Не могу сказать, что я такой уж зашоренный патриот, придерживаюсь либеральной ориентации, amor patriae – чуждая мне стихия, а флагомания, которая распространилась по Америке с 11 сентября, раздражает. В какой-то рецензии меня обозвали стареющим космополитом – какой есть. Что молоткасто-серпастый, что триколор (любой), что звезды и полосы – для меня все едино, не люблю государственную символику, и всё тут! Но то ли тенденциозность статьи, то ли ее пафос – что-то меня вывело из себя. Вот именно – пафос, которого в других антиамериканских статьях я не замечал. Даже не пафос, а вздрюченность. Статья бы выглядела доказательней и убедительней, будь тоном пониже. Кого это так занесло? – подумал я и глянул на имя автора. Сначала решил, что совпадение, но совпадали и имя, и фамилия – двух мнений быть не могло. Да и стиль Регины – ни с чьим не спутаешь. Статья – талантливая и страстная. А по мне, чем талантливее ложь, тем хуже.
Я попытался узнать, где это напечатано, но, кроме какого-то «портала», иных координат не нашел. Или плохо искал – я не очень силен в интернетных делах. Но вебсайтовский адрес этого портала на всякий случай ввел в свой «адресный стол» и, действительно, на следующей неделе нашел еще одну статью Регины – о том, как теснят белых американцев негры и латинос, демографические предсказания, что скоро белые окажутся в меньшинстве, как и в той же, к примеру, Франции, где сплошь муслимы, и скоро европейцы и америкосы будут ездить в Москву, как в землю обетованную. Во многом Регина была права, но такое противопоставление мне не понравилось, и я набрал ее номер.
Ответчик.
Позвонил ее дочери.
Механический голос сказал, что телефон отключен, никакой добавочной информации.
И тут я вспомнил, что дочка Регины, когда мы расставались в сабвее, дала мне свой сотовый – не для связи с матерью, а просто так либо из любезности. В телефонную книжку я его не перенес и с трудом нашел на письменном столе среди бумаг. Легко до нее дозвонился.
– Где вы? – спросил я, думая назначить встречу.
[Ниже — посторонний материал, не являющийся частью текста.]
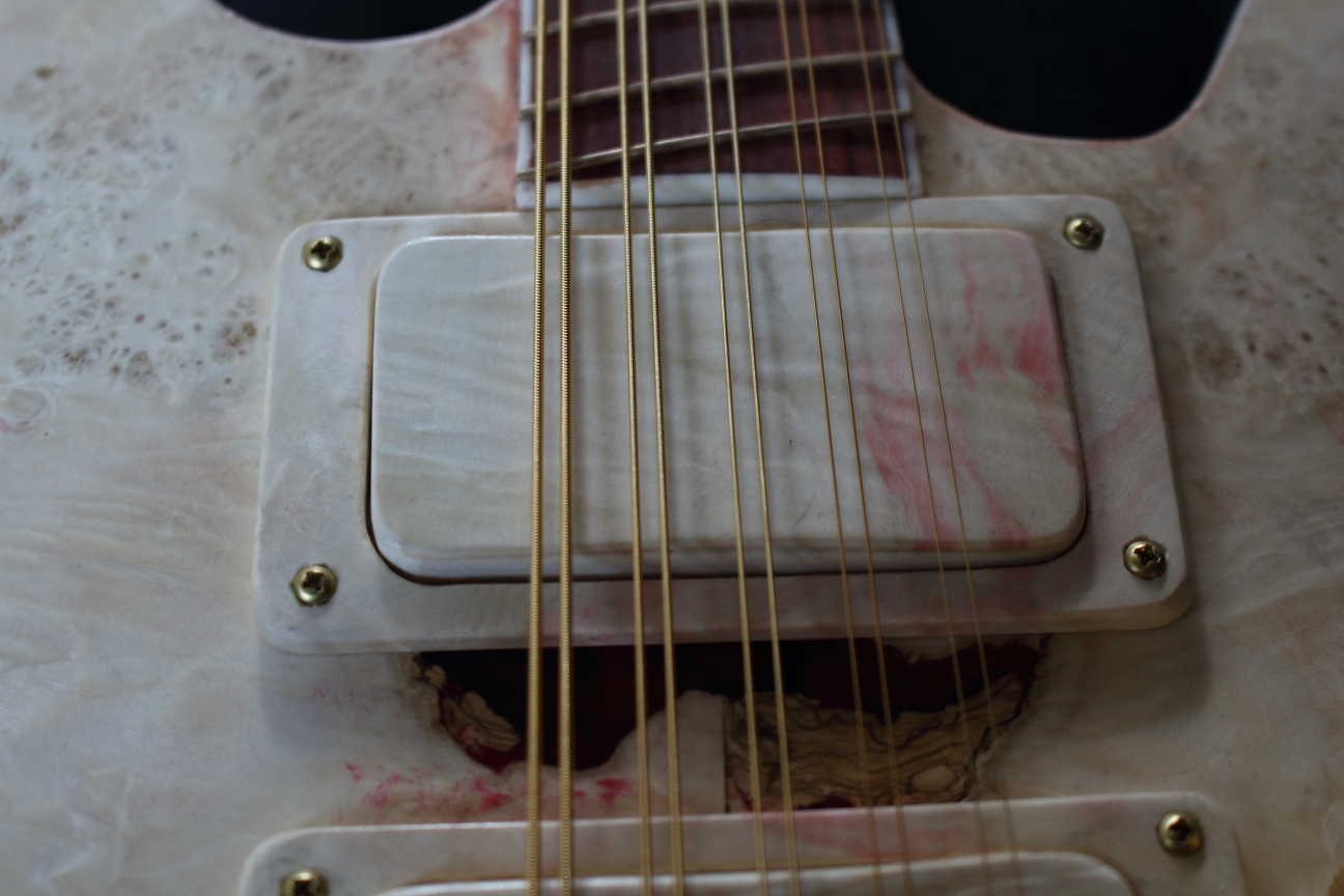 The top, bottom, and headstock veneer are bleached box elder maple, and the body is bloodwood. The neck is laminated bird’s eye maple and bloodwood, with a bloodwood fretboard, with Jescar Evo Gold narrow fretwire. The headstock features Grover locking tuners and a brass nut I fabricated from scratch. I also fabricated the bridge plate myself and scavenged the saddles from a Gotoh 12 string bridge. The screws and springs I had to scour the internet for to get all the right sizes. The voids in the box elder are filled with dyed resin.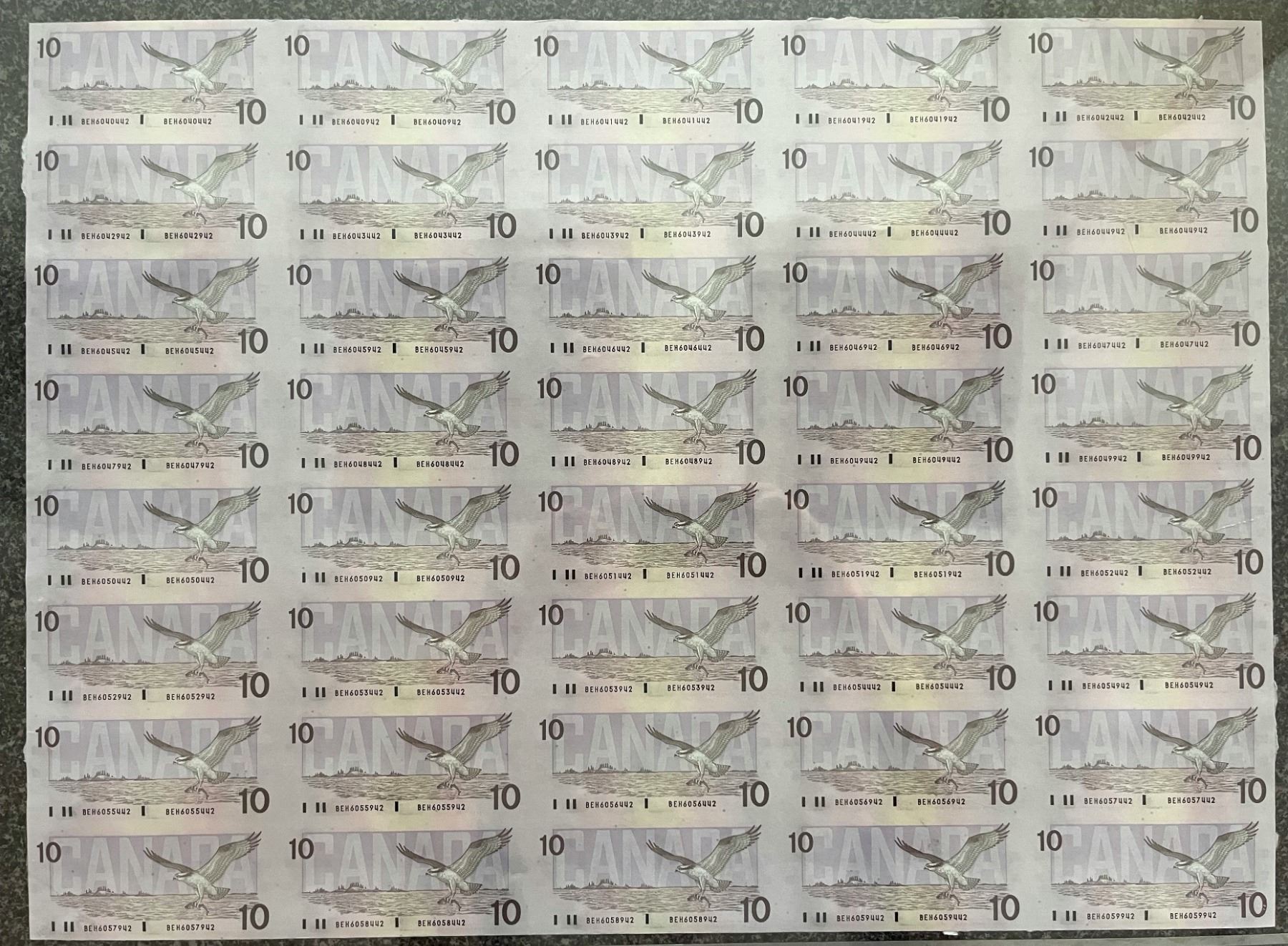 1989 $10 BC-57c #BEH Uncut Sheet of 40 Notes. A nice typical AU/UNC example with ligt handling and some remnance paper on rims.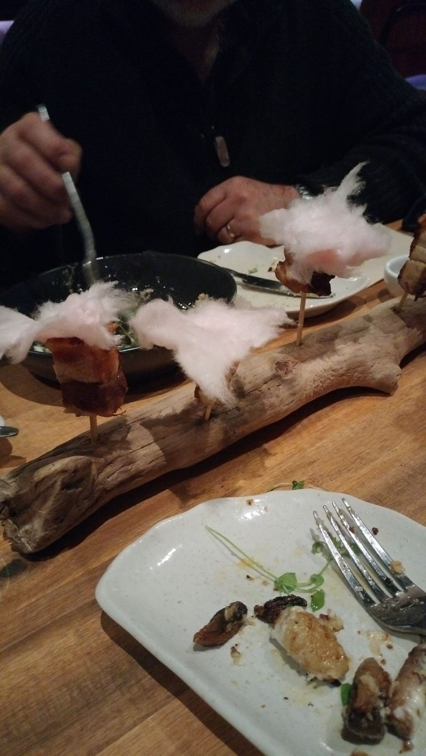I’m far more offended by the cotton candy on the pork than I am by the log.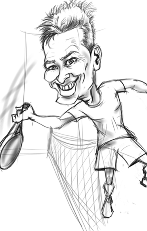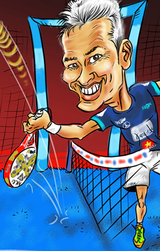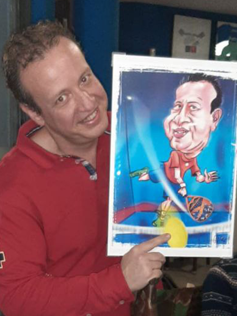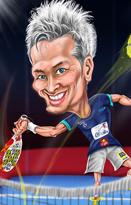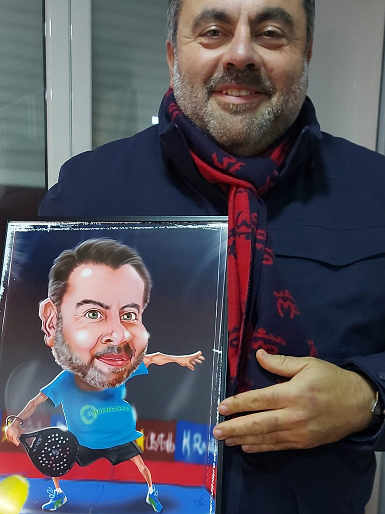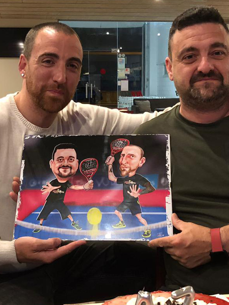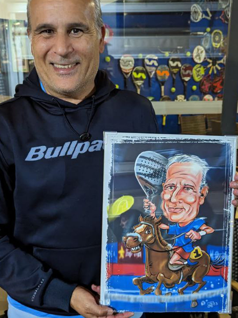 Caricatura con el modelo de pala que quieras. La que te de suerte en los partidos.
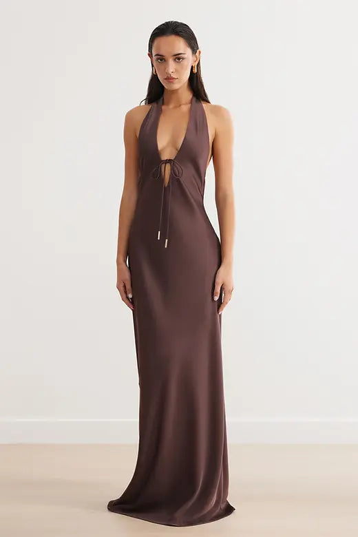 El Vestido Diaz presenta un sexy escote halter combinado con un delicado lazo para atar. La falda drapeada roza el cuerpo y cae desde las caderas con mucha elegancia. La espalda expuesta presenta una capucha bellamente drapeada y tirantes para atar.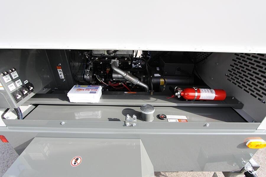 The standard five-section vertical mast light tower is power actuated, extending 7 meters and can rotate 360 degrees for optimum lighting flexibility. The wide body design features a proven engine, long run fuel tank and DOT trailer lights. The light bar design creates greater flexibility in directing the four light fixtures for greater light coverage on the jobsite. Choice between conventional 4 x 1100 Watt Metal Halide (MH) or energy-efficient 4 x 300 Watt LED lights. The wide body vertical mast light towers are perfect for remote applications including oil and gas worksites, mining, and industrial applications.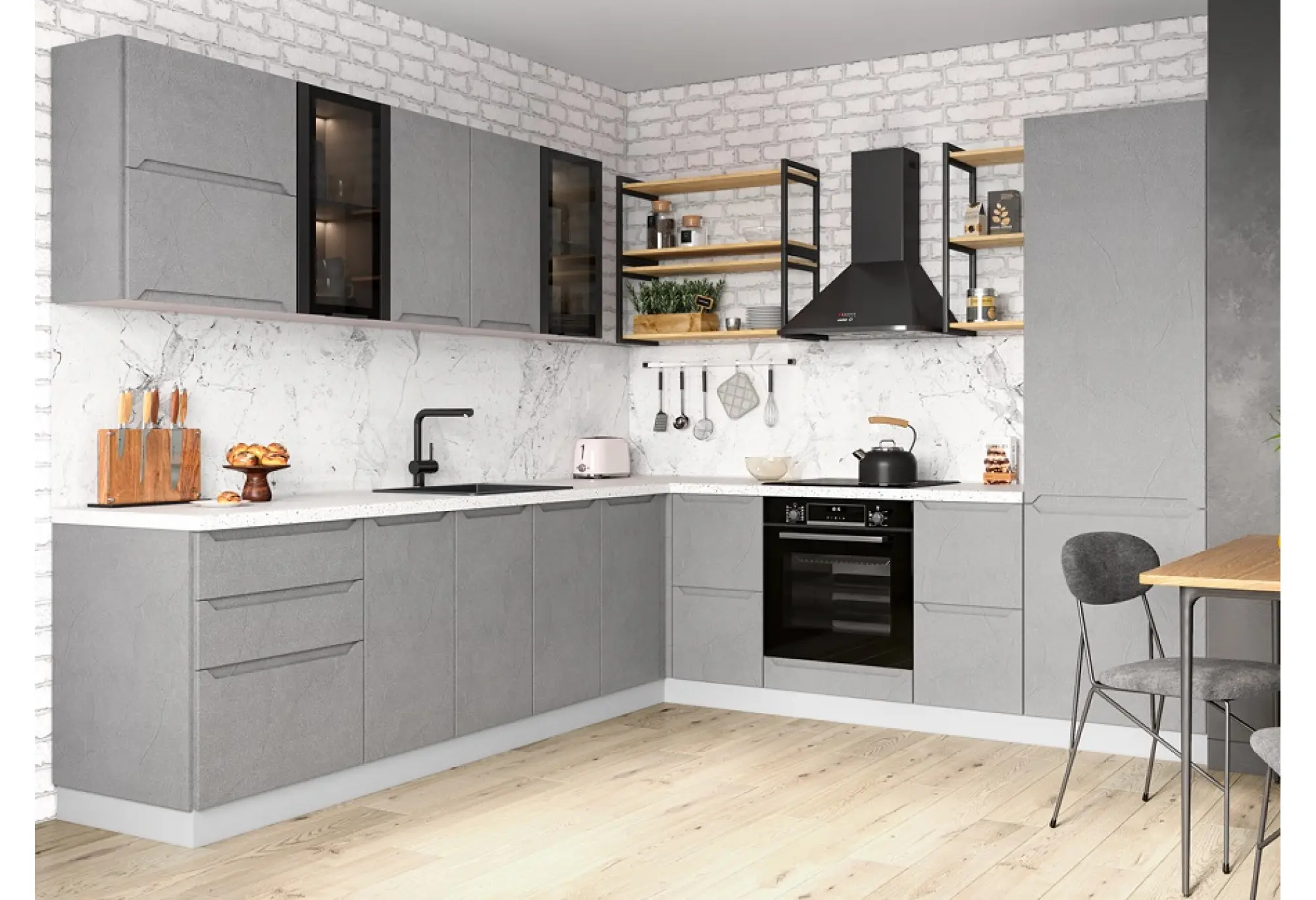Модульная кухня "Тренто" Штукатурка серая МДФ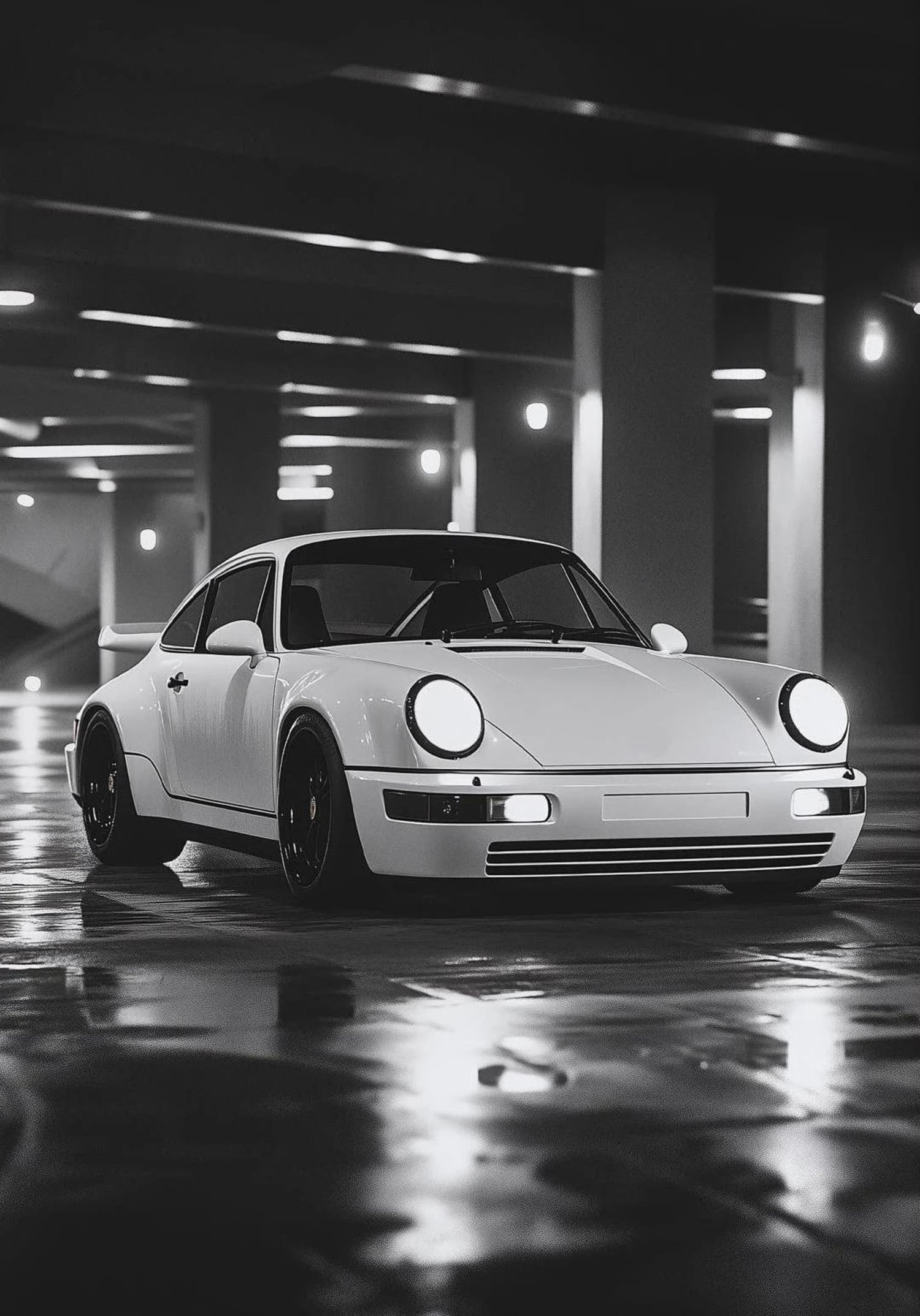 Retro White Sports Car | Black & White Automotive Design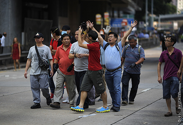 Выступающие против разного рода оккупаев жители города мешают работе фотографа, снимающего продемократических протестующих.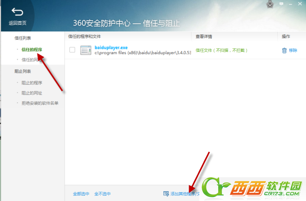 3、点击信任列表,并且添加信任的文件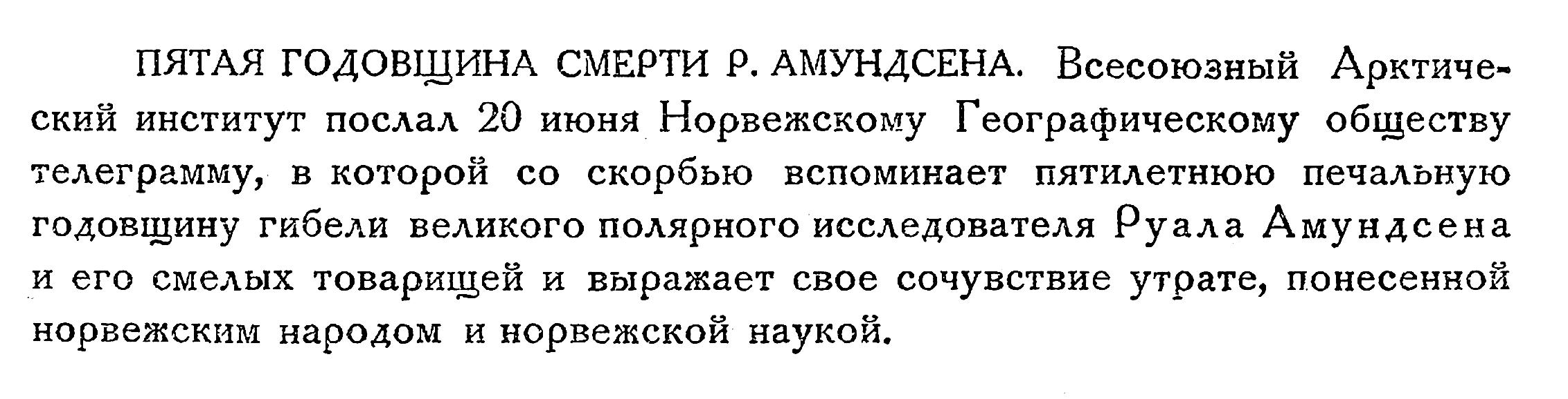 ПЯТАЯ ГОДОВЩИНА СМЕРТИ Р. АМУНДСЕНА. Всесоюзный Арктический институт послал 20 июня Норвежскому Географическому обществу телеграмму, в которой со скорбью вспоминает пятилетнюю печальную годовщину гибели великого полярного исследователя Руала Амундсена и его смелых товарищей и выражает свое сочувствие утрате, понесенной норвежским народом и норвежской наукой.

– В Сантьяго. Помощник менеджера в здешнем отделении нашей фирмы, – похвастала она. – А вы сомневались, что зря учу испанский.
– Жарко?
– Как в Нью-Йорке, только наоборот. У вас лето, у нас зима.
– У вас – у нас, – передразнил я. – А как мама?
– Вы разве не знаете? Мама в Москве. Она поехала на премьеру сериала по дедушкиному роману, а там уже решила остаться. Сейчас судится с сестрой из-за московской квартиры. У нее там новая книжка выходит в следующем месяце. Об Америке. А папа здесь. Они разошлись. Дать вам мамин мобильник?
Я записал проформы ради, зная, что звонить не буду. Наши пути-дорожки разбежались.
Странно, пока Регина была здесь, я тяготился ее атлантскими звонками, особенно когда слышал в трубке пьяный голос. А теперь, знаю, мне будет не хватать ее телефонных разговоров. Конечно, я бы мог позвонить ей сам в Москву, тем более звонки по этническим карточкам, считай, задаром. Но, судя по ее статьям, мы с Региной оказались теперь в разных идеологических станах. Я о том, что она стала патриоткой, а я никогда им не буду – никакой страны. Так уж устроен.
Забыл спросить: вылечилась ли Регина от болезни? Помогли ли ей анонимные алкоголики?